When should primary keys be used?
Our department is fairly new to SQL Server. I apologize if these are dumb questions, but I’ve spent hours digging on the Internet and cannot find answers to my questions.
When we create our tables, we create a clustered unique index on the column(s) that best fits the table and the way it will be accessed.
Someone outside our department was reviewing our database design, and pointed out that we have no primary keys defined. It raised a red flag in their mind. They were concerned that not having a primary key would create performance problems and require additional CPU resources.
I have read and read, and all I have found is that when you create the primary key constraint, it requires all rows in the key column(s) to be unique, and forces the creation of a clustered unique index. It appears to me that we have done this process manually by the creation of a clustered unique index, and that adding a primary key constraint would not buy us anything.
So here are my questions:
1) Do we need to create a primary key constraint on a table that already has a clustered unique index? If so, why?

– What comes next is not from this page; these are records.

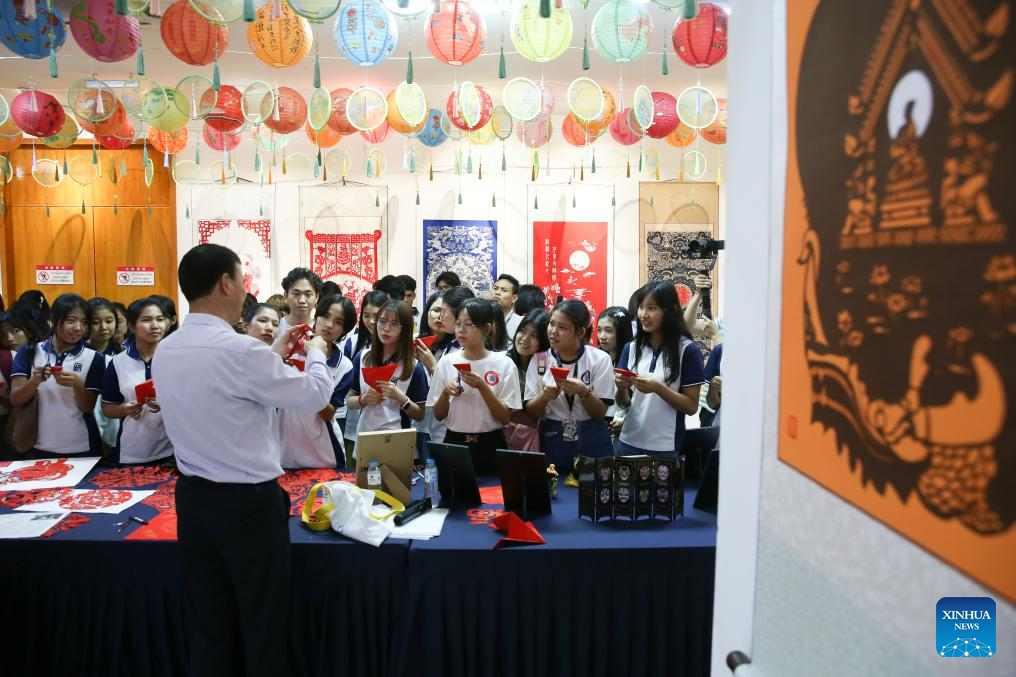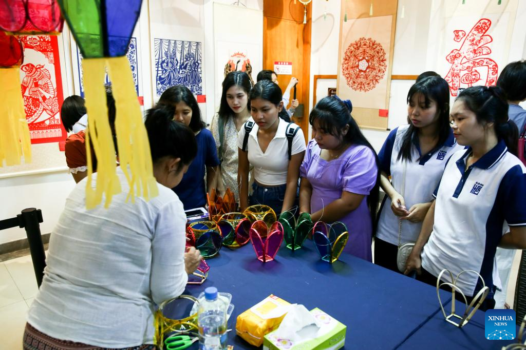 Estudantes aprendem a arte tradicional chinesa de recorte de papel em uma exposição no Centro Cultural da China em Rangum, Mianmar, em 5 de novembro de 2025. Uma exposição de arte tradicional chinesa de recorte de papel foi realizada no Centro Cultural da China em Rangum, na quarta-feira. (Xinhua/Myo Kyaw Soe)
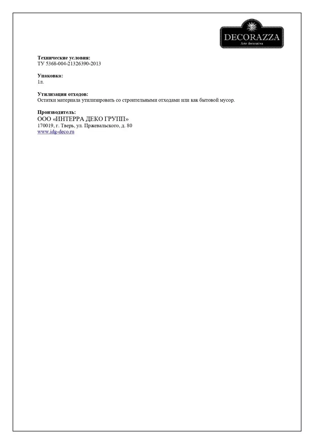 Гидрофобизирующая пропитка от Decorazza используется для защиты любых декоративных поверхностей в условиях повышенной влажности и прямого контакта с водой. Изготовленная на основе водной дисперсии полимера пропитка отлично впитывается в структуру поверхности, образуя защитное покрытие, которое препятствует проникновению влаги в поры и капилляры материала, создавая, при этом дышащий слой, который препятствует развитию грибков, плесени, водорослей, а также других биопоражений, характерных для влажных условий эксплуатации. Decorazza Finitura имеет абсолютно бесцветную основу, поэтому беспокоиться об изменении внешнего вида декоративного покрытия не стоит. Пропитка чрезвычайно удобна в работе и легко наносится, не оставляя разводов. После высыхания бесцветная лазурь Декоразза Финитура продлевает срок службы поверхности, а также надолго сохраняет ее эстетическую привлекательность. В состав пропитки не входят токсичные элементы, поэтому она абсолютно безопасна для человека.
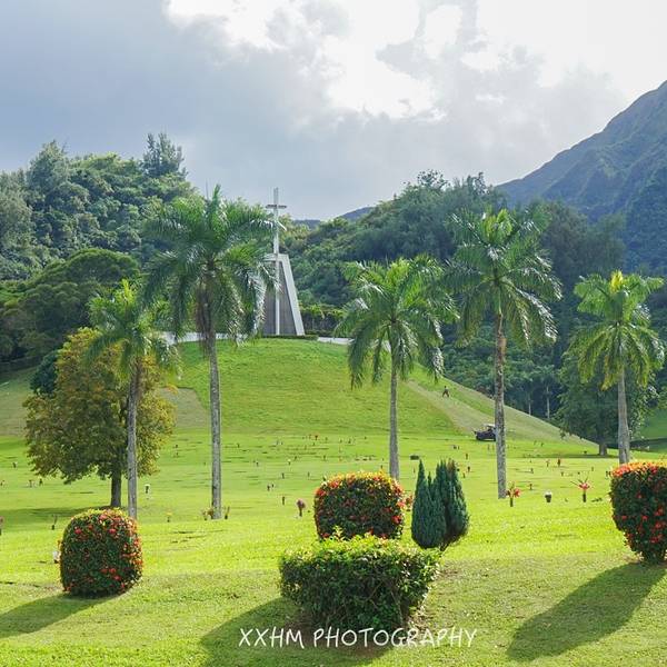 到了门口看到成片的墓地,而且还都放上了鲜花花束,寄托着人们对故人的哀思,是比较肃穆的地方。并没有进去参观,其实这里就是日式的神庙谷,是许多夏威...View spot7:神庙谷 Valley of the Temples Memorial Park
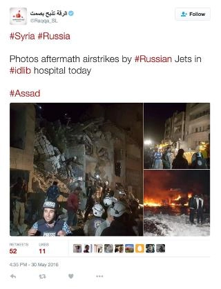 MISE À JOUR : Selon le photographe @AFP à #Idlib, ainsi que d’autres sources, hôpital national pas directement touché, la bombe a atterri derrière lui. 04:20 - 31 mai 2016
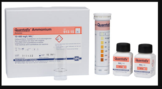 QUANTOFIX Ammonium semi-quantitative test strips and reagents for the determination of ammonium in solutions. Measuring range: 0-10-25-50-100- 200-400 mg/L NH4+ __UN 3316 Chemical kit 9 II 0.060 L ADR/GGVSEB M11 (E) ADR 3.3.1/251: LQ PAX 960 10 Kg CAO 960 10 Kg
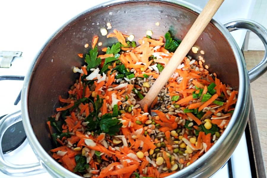 Luštěniny a kroupy namočíme přes noc ve vodě. Před vařením několikrát propereme ve vodě. Než získáme odhad, použijeme raději menší množství surovin, např. od každé uvedené luštěniny a krup malý šálek. Vody dáme asi 2krát více než uvedených suroivn. Osolíme, opepříme a vaříme do změknutí. Občas zkontrolujeme, jestli se voda příliš nevyvařila. Pokud je kaše příliš řídká, zahustíme hladkou moukou.
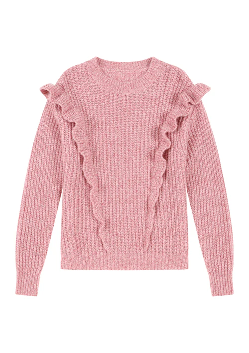 Add a touch of playful femininity to your winter wardrobe with this beautifully textured pink ruffle knit sweater. Crafted from a soft, cosy yarn blend, it features delicate ruffle detailing cascading down the front and shoulders for a charming, elevated silhouette. The classic crew neckline and ... Read more relaxed fit make it an effortless everyday piece, perfect for styling with denim, tailored trousers, or a sleek skirt. Warm, stylish, and subtly statement-making, it’s the ideal knit for brightening colder days.
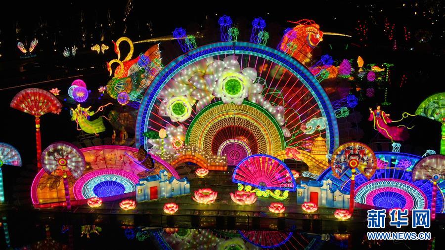 1月8日晚拍摄的南通紫琅灯会花灯(无人机照片)。 春节临近,江苏南京、南通等地华灯璀璨,年味渐浓。 新华社发(许丛军 摄)
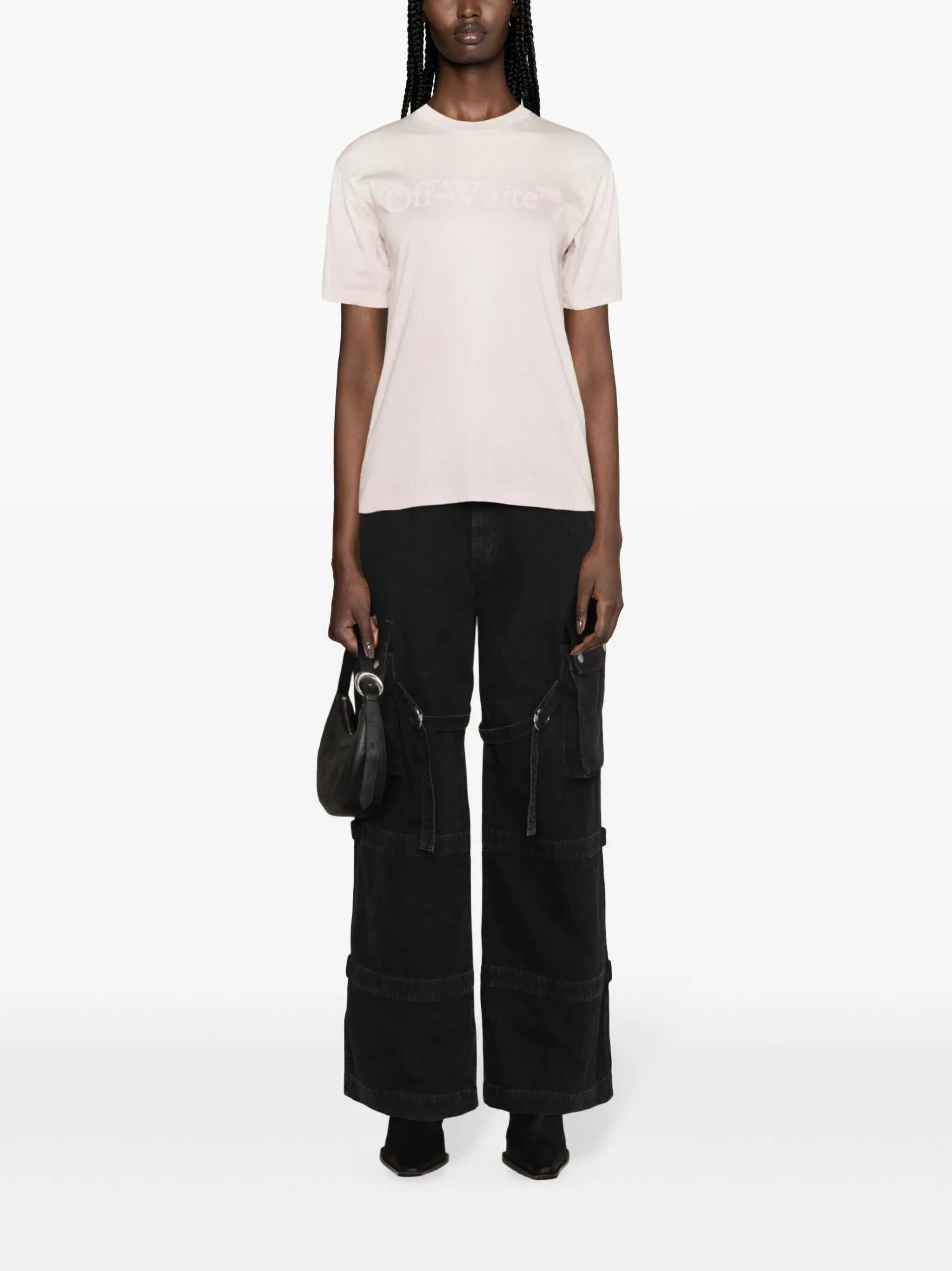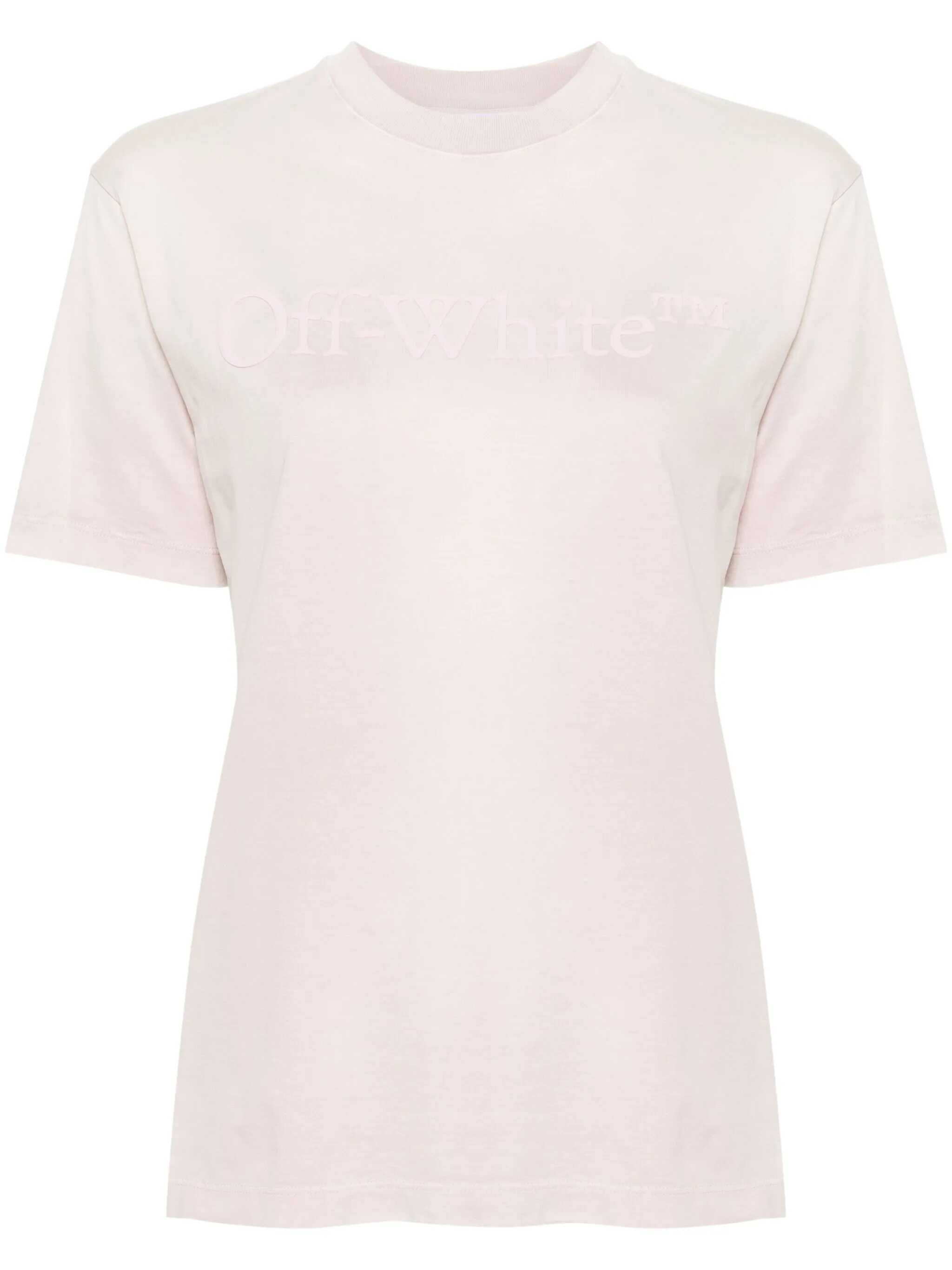 Pink T-shirt. Short sleeves. Crew neck. Off-White logo tone-on-tone on front.

2) If we need a primary key constraint, should we delete the clustered unique index we created, and then add the primary key constraint? My concern is that we will end up with two clustered unique indexes on the same column(s) that will add to database load times, etc.
3) Is there an advantage to using the primary key constraint to automatically create the clustered unique index as opposed to just outright creating the clustered unique index if they are on the same column.
Let’s take a look at each of these three questions.
First Question: Technically speaking, a primary key is not required on a table for any reason. A primary key serve two purposes. It acts to enforce entity integrity of the table. What this means is that it ensure that there are no duplicate records in a table. Next, a primary key can be used along with a foreign key to ensure that referential integrity is maintained between tables. Because of these two reasons, it is generally recommended that all tables have a primary key.
By itself, a primary key does not have a direct affect on performance. But indirectly, it does. This is because when you add a primary key to a table, SQL Server creates a unique index (clustered by default) that is used to enforce entity integrity. But as you have already discovered, you can create your own unique indexes on a table. So, strictly speaking, a primary index does not affect performance, but the index used by the primary key does.
Now to directly answer your question. You don’t have to have primary keys on your tables if you don’t care about the benefits that arise from using them. If you like, you can keep the current indexes you have, and assuming they are good choices for the types of queries you will be running against the table, then performance will be enhanced by having them. Replacing your current indexes, and replacing them with primary keys will not help performance.
Second Question: I think I answered most of this question above. But I do want to point out that you cannot have two clustered indexes on the same table. So if you did want to add primary keys to the tables you currently have, you can, using one of two techniques. First, you can choose to add a primary key using a non-clustered index, or second, you can drop your current indexes, and then add a primary key using a clustered index.
Third Question: Here’s what I do. I assign primary keys to every table because this is a best database design practice. But before I do, I evaluate whether or not the primary key’s index should be clustered or non-clustered, and then choose accordingly. Since you can only have one clustered index, it should be chosen well. See my clustered tips webpage for more details. Next, I then evaluate the table for additional indexes that may be needed, and proceed accordingly.
It is not a good idea, from a performance perspective, to accept the default of a clustered index on a primary key, as it may not be the best choice for the use of a clustered index. In addition, it is not a good idea to “double up” on indexes. In other words, don’t put a Primary key non-clustered index on a column, and a clustered index on the same column (this is possible, although never a good idea).
Always think about indexes and why they exist. Only add indexes where they are needed, and nowhere else. Too many indexes can be as bad for performance as too few indexes.